The Barbara McClintock STEM Elementary School is on Road 60 in Pasco.
The Barbara McClintock STEM Elementary School is on Road 60 in Pasco. Tri-City Herald

A Pasco child was hurt when part of a bounce house flipped over in the wind at a school festival on Saturday.

Several bounce houses were set up at Barbara McClintock Elementary on Road 60 for Dia de Los Ninos, or Children’s Day, said Nellie Asay of Pasco.

Her granddaughter was in one of the bounce houses Saturday afternoon when a sudden wind gust picked it up, she said. As one end of the bounce house lifted, a couple of children near the entrance scrambled out.

But her granddaughter, Olivia Fleming, 9, was too far from the entrance to follow them, Asay said.

The wind flipped it over and Olivia was thrown to the ground on her head, she said.

Fleming’s father was nearby and was knocked down. Winds from 20 to 35 mph were reported at the Pasco airport Saturday, with gusts of up to 35 to 45 mph, said the National Weather Service.

Child taken to the hospital

People were yelling “There’s a child in there,” and one of them her out, her grandmother said.

“She was very confused. She was crying and shaking.
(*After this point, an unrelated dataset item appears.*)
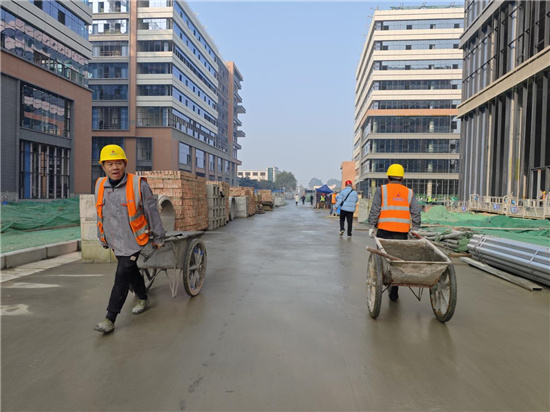 从去年开工以来,500余名工人“火力”全开,拼速度赶进度,全力投入建设中。项目负责人告诉记者:“自开工以来,周末和节假日都会安排工人在岗或轮休,根据各阶段的施工进度调整人员,确保有80%的管理人员开展工作。”在工地务工的高师傅说:“本来元旦想回老家,想到马上要放春节了,坚持一下,抓紧把活路做好,过年再回去。”

She was in shock,” Asay said.

Olivia’s family took her home, but she remained confused. When she started throwing up, her family took her to Kadlec Regional Medical Center in Richland.

A CAT scan showed no fracture but she suffered a severe concussion, Asay said.

Still, Olivia was back in her third grade classroom at Maya Angelou Elementary on Monday, with the school nurse keeping an eye on her.

No injury reported to school officials

Asay was at the festival with the family’s hotdog vendor cart and the wind was strong enough to lift the stand’s large umbrella, she said.

Administrators at McClintock Elementary confirmed that a section of a bounce house blew over after the Saturday event organized by the school’s Parent Teacher Organization.

They had received no reports of anyone being hurt, but plan to reach out to the family, said district spokesman Shane Edinger.

Asay said she and her family will be more careful in the future about using bounce houses when the wind is blowing. She also hopes that the experience alerts other families also to be cautious.

The Washington state Department of Labor and Industries regulates bounce houses and recommends that parents be mindful of whether a bounce house appears to be safe.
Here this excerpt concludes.